MAX_SEQUENCE_LENGTH = 34
tokenizer = Tokenizer(num_words=20000)
tokenizer.fit_on_texts(df_train["designation"])

X_train = pad_sequences(tokenizer.texts_to_sequences(df_train["designation"]), maxlen=MAX_SEQUENCE_LENGTH)
X_test = pad_sequences(tokenizer.texts_to_sequences(df_test["designation"]), maxlen=MAX_SEQUENCE_LENGTH)

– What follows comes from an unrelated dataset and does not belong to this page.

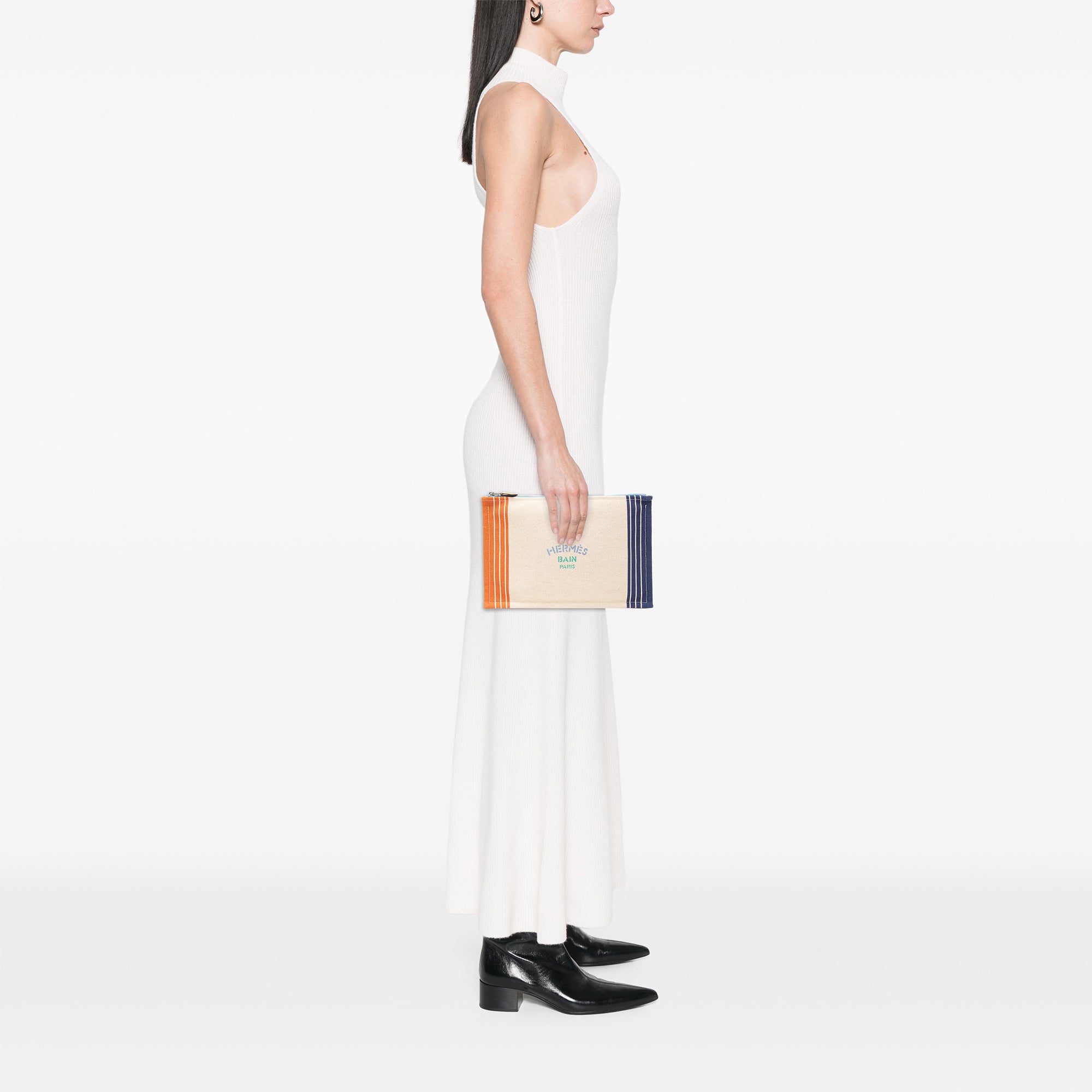 The Maillon Marin case features an H Canvas body and a top zip closure. Retail Price: 565.00

y_train = df_train["prdtypecode"].values  # Target labels


## Iteration 2: With Text Cleaning
*Now, we apply standard text preprocessing techniques before tokenization:*
   - Lowercasing
    - Removing punctuation & special characters
   - Removing extra spaces

In [None]:
import re

def clean_text(text):
    text = text.lower()
    text = re.sub(r'[^a-zA-Z0-9\s]', '', text)  # Remove punctuation
    text = re.sub(r'\s+', ' ', text).strip()  # Remove extra spaces
    return text

# Apply cleaning
df_train["designation_cleaned"] = df_train["designation"].astype(str).apply(clean_text)
df_test["designation_cleaned"] = df_test["designation"].astype(str).apply(clean_text)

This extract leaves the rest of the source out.